** WORK TO COMPLETE **
Retype the listing exactly as it stands, and keep every image out.

** EXERCISE INPUTS **
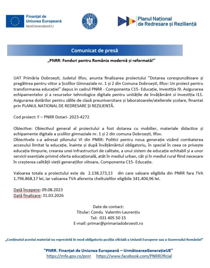 Comunicat de presa – „PNRR: Fonduri pentru România modernă și reformată!” – Dobroești
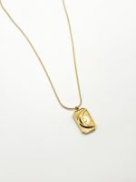 Εντυπωσιακό χρυσό κολιέ με μενταγιόν φεγγαριού σε ορθογώνιο πλαίσιο με ανάγλυφες λεπτομέρειες. Ένα κόσμημα που συνδυάζει μυστικισμό και κομψότητα, ιδανικό για να αναδείξει κάθε σας εμφάνιση μέρα και νύχτα.
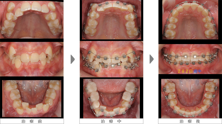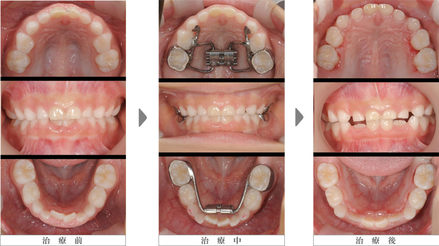 写真右列:保定期間を入れ7ヶ月後の拡大終了時
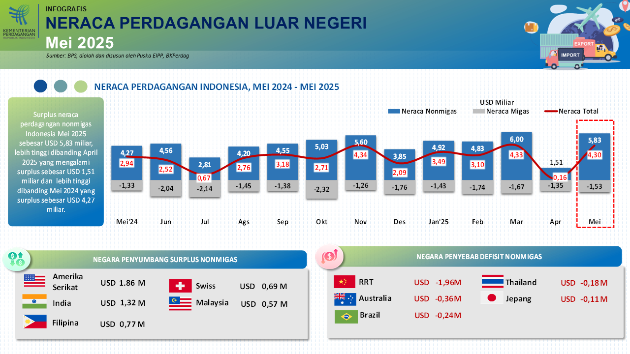 Neraca Perdagangan Luar Negeri Indonesia Periode Mei 2025. Neraca Perdagangan Luar Negeri Indonesia Periode Mei 2025
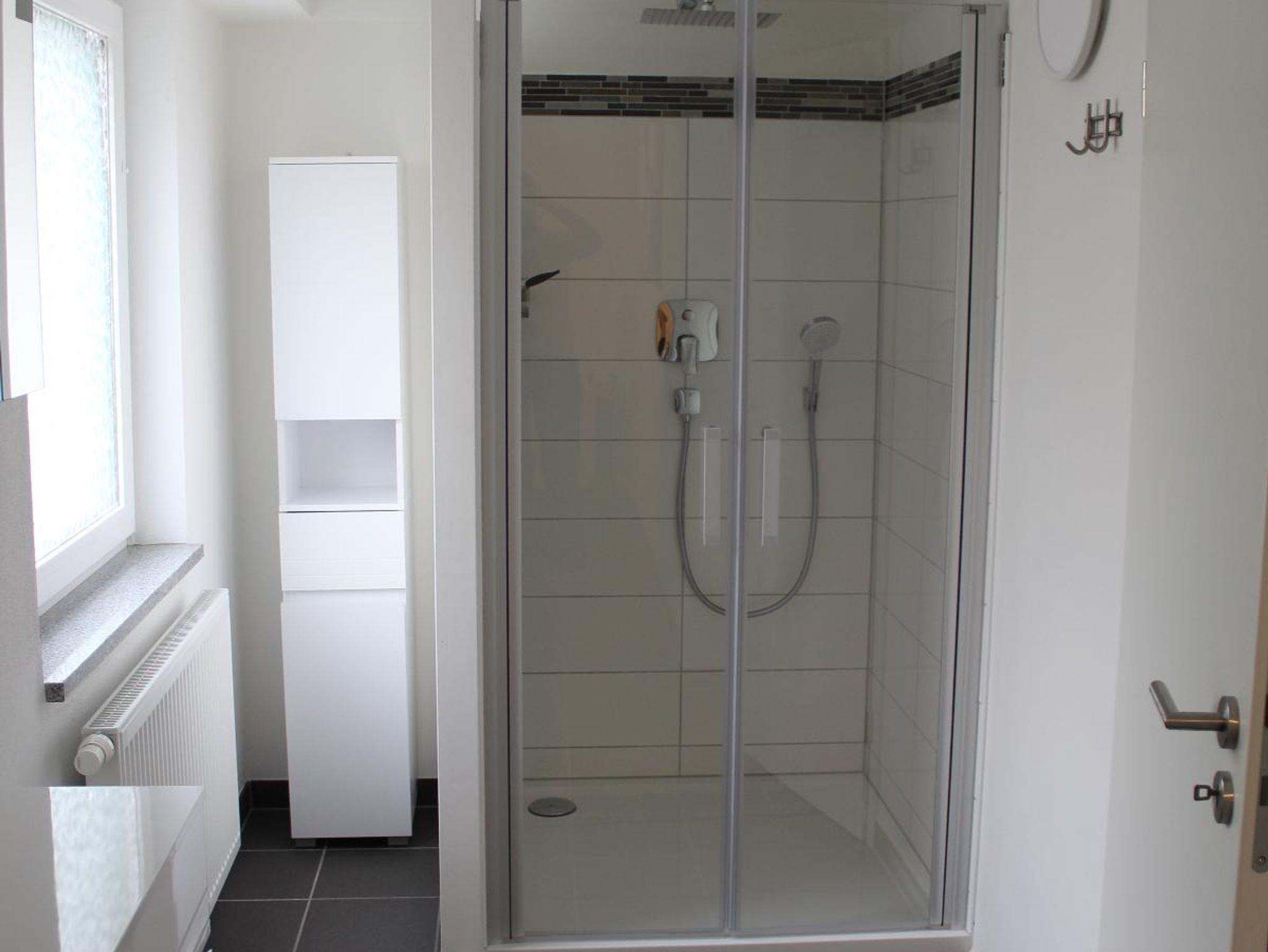 Zudem erwartet Sie ein großes, helles Badezimmer mit Dusche, eine Terrasse mit gemütlicher Sitzecke sowie für die kleinen Gäste ein Spielgarten mit Kletterturm, Schaukel und großem Trampolin.
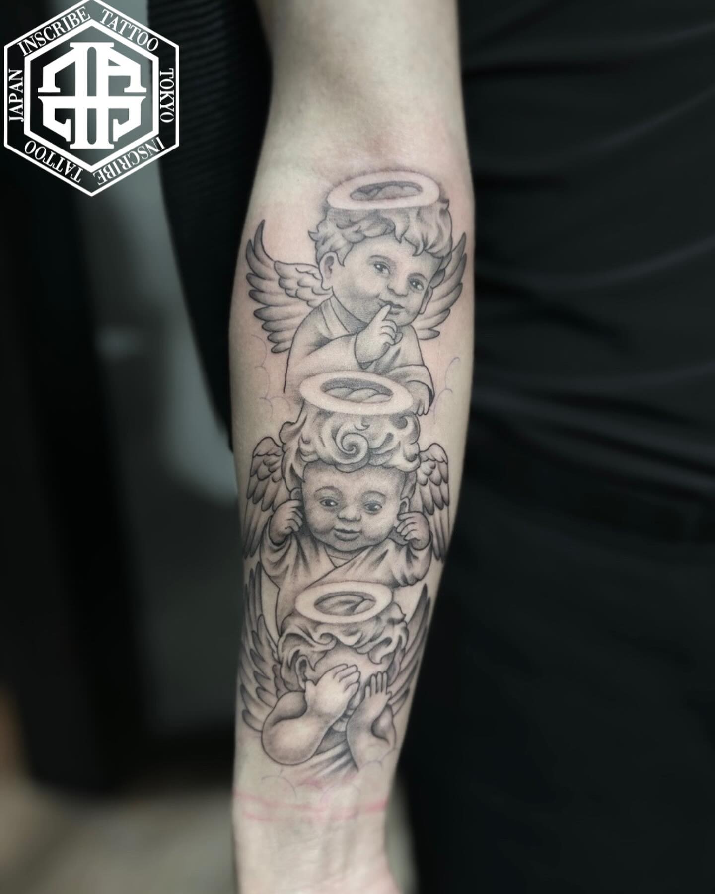 前腕委見ざる聞かざる言わざるの天使のタトゥー、刺青です。
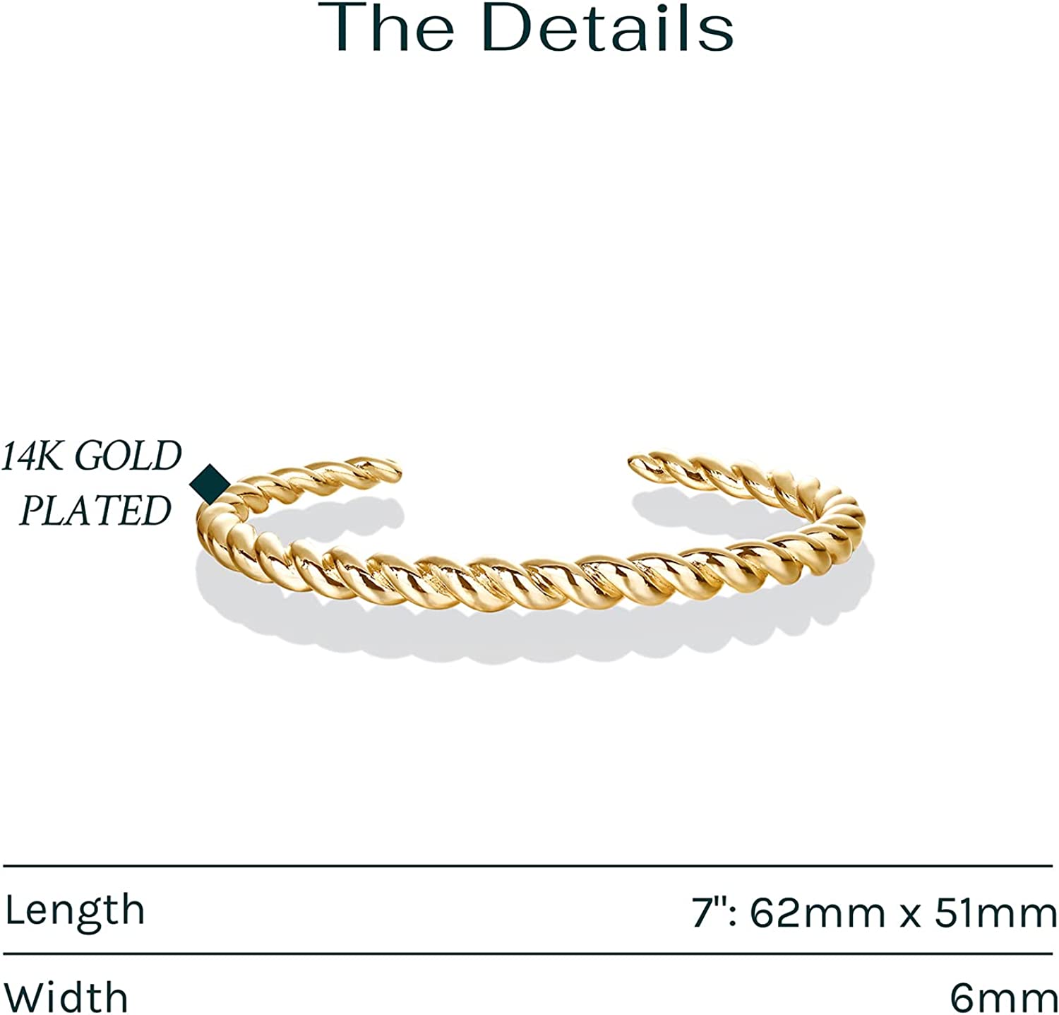 • A twisted, trendy design to wear with a little black dress or a sweatsuit. A luxe looking, 14K gold plated bracelet that is perfect to put on everyday.
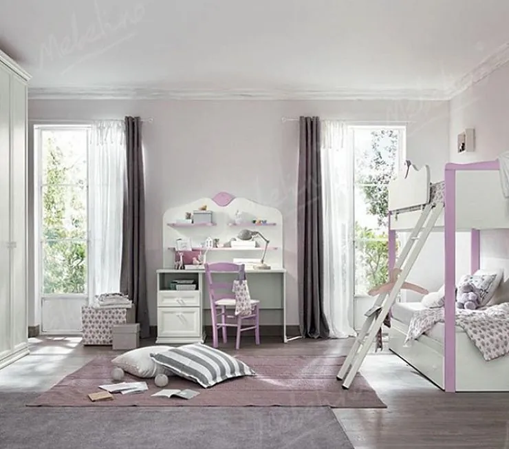 Комплект изготовлен под заказ для клиента Москвы, из МДФ, окрашен в белый цвет с лавандовыми вставками.
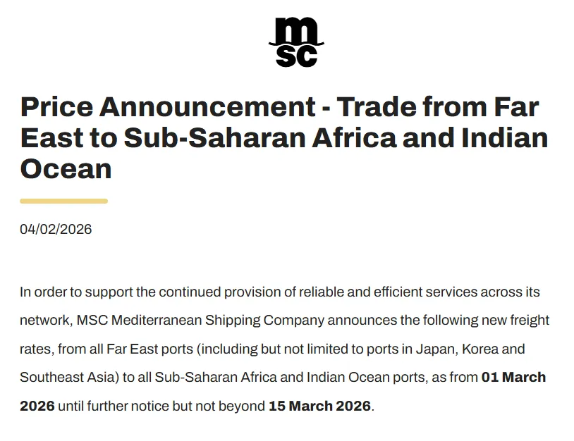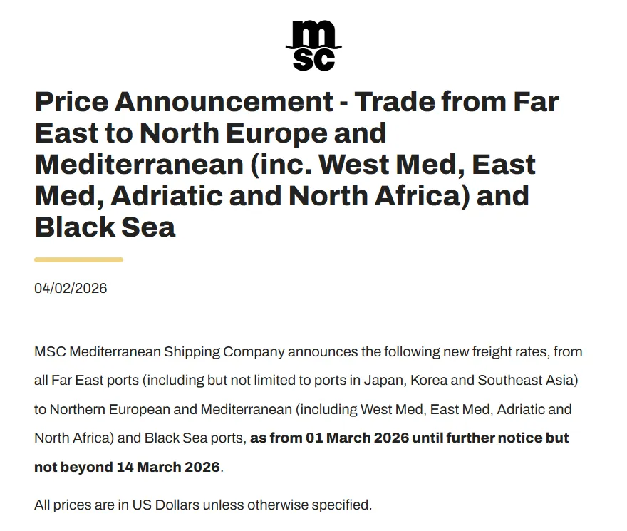 近日,地中海航运、达飞及赫伯罗特为首的头部船司近期接连发布公告,宣布调升自3月1日起的多条航线综合费率(FAK)及附加费。
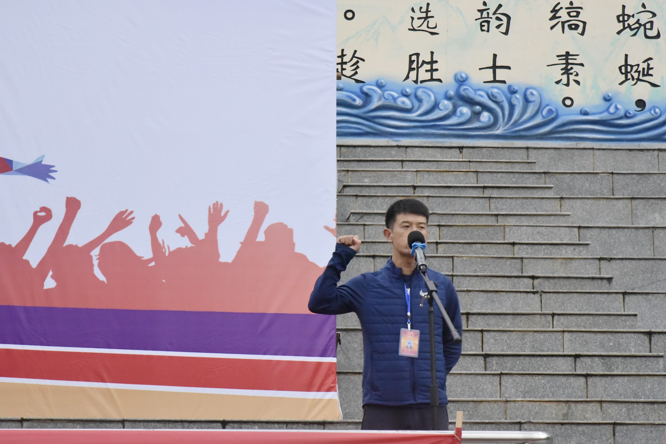 运动员代表2019级高职临床6班李浩宇同学和裁判员代表和雪松老师依次上台宣誓。
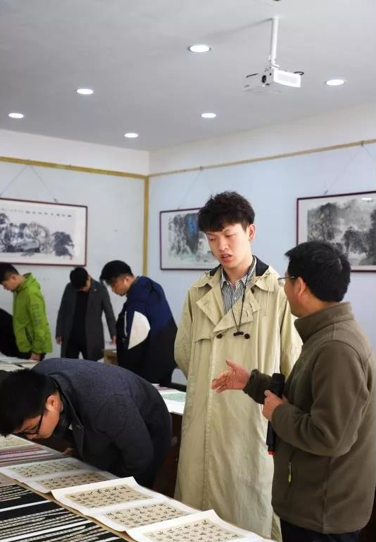 睢州美术馆馆长、河南志明文化传媒有限公司董事长陈志明先生对beats365唯一官网师生的到来表示热烈欢迎!他向师生介绍了睢州美术馆和本次展览的征集、评选、展览及作品质量等有关事宜,并陪同参观了展览。同学们在老师的指导下,认真观看每一件作品,相互交流心得体会。张雪峰、王常福还与陈志明共同商讨了双方下一步进行校企合作、文创产品研发、员工实习实训、美术写生、员工就业基地建设等事宜,并与志明文化签订了beats365唯一官网实践教学基地建设协议书。
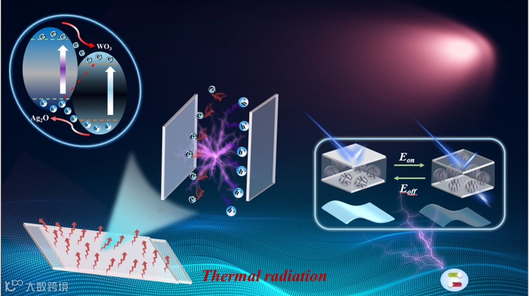 综上所述,采用共沉淀法成功合成了WO3/Ag2O p-n异质结,并将其集成到PDLC系统中。与原始PDLC膜相比,p-n异质结的存在可以显著改善其电光性能,大大降低饱和电压,提高对比度。其中一个原因是光产生的电子和空穴的自由运动降低了薄膜的阻抗。另外,在电场力的作用下,部分电子和空穴会向电极表面迁移,导致两极间瞬态光电电压升高,饱和电压降低。同时,无机纳米粒子的加入增加了散射中心的数量,有效地提高了膜的对比度。此外,薄膜独特的微观结构和丰富的表面红外发射基团使其具有较高的红外发射率和优异的冷却性能。因此,本研究提供了一种新型高效节能智能窗的设计和制备方法。

** ANSWER SECTION **
 Comunicat de presa – „PNRR: Fonduri pentru România modernă și reformată!” – Dobroești
 Εντυπωσιακό χρυσό κολιέ με μενταγιόν φεγγαριού σε ορθογώνιο πλαίσιο με ανάγλυφες λεπτομέρειες. Ένα κόσμημα που συνδυάζει μυστικισμό και κομψότητα, ιδανικό για να αναδείξει κάθε σας εμφάνιση μέρα και νύχτα.
 写真右列:保定期間を入れ7ヶ月後の拡大終了時
 Neraca Perdagangan Luar Negeri Indonesia Periode Mei 2025. Neraca Perdagangan Luar Negeri Indonesia Periode Mei 2025
 Zudem erwartet Sie ein großes, helles Badezimmer mit Dusche, eine Terrasse mit gemütlicher Sitzecke sowie für die kleinen Gäste ein Spielgarten mit Kletterturm, Schaukel und großem Trampolin.
 前腕委見ざる聞かざる言わざるの天使のタトゥー、刺青です。
 • A twisted, trendy design to wear with a little black dress or a sweatsuit. A luxe looking, 14K gold plated bracelet that is perfect to put on everyday.
 Комплект изготовлен под заказ для клиента Москвы, из МДФ, окрашен в белый цвет с лавандовыми вставками.
 近日,地中海航运、达飞及赫伯罗特为首的头部船司近期接连发布公告,宣布调升自3月1日起的多条航线综合费率(FAK)及附加费。
 运动员代表2019级高职临床6班李浩宇同学和裁判员代表和雪松老师依次上台宣誓。
 睢州美术馆馆长、河南志明文化传媒有限公司董事长陈志明先生对beats365唯一官网师生的到来表示热烈欢迎!他向师生介绍了睢州美术馆和本次展览的征集、评选、展览及作品质量等有关事宜,并陪同参观了展览。同学们在老师的指导下,认真观看每一件作品,相互交流心得体会。张雪峰、王常福还与陈志明共同商讨了双方下一步进行校企合作、文创产品研发、员工实习实训、美术写生、员工就业基地建设等事宜,并与志明文化签订了beats365唯一官网实践教学基地建设协议书。
 综上所述,采用共沉淀法成功合成了WO3/Ag2O p-n异质结,并将其集成到PDLC系统中。与原始PDLC膜相比,p-n异质结的存在可以显著改善其电光性能,大大降低饱和电压,提高对比度。其中一个原因是光产生的电子和空穴的自由运动降低了薄膜的阻抗。另外,在电场力的作用下,部分电子和空穴会向电极表面迁移,导致两极间瞬态光电电压升高,饱和电压降低。同时,无机纳米粒子的加入增加了散射中心的数量,有效地提高了膜的对比度。此外,薄膜独特的微观结构和丰富的表面红外发射基团使其具有较高的红外发射率和优异的冷却性能。因此,本研究提供了一种新型高效节能智能窗的设计和制备方法。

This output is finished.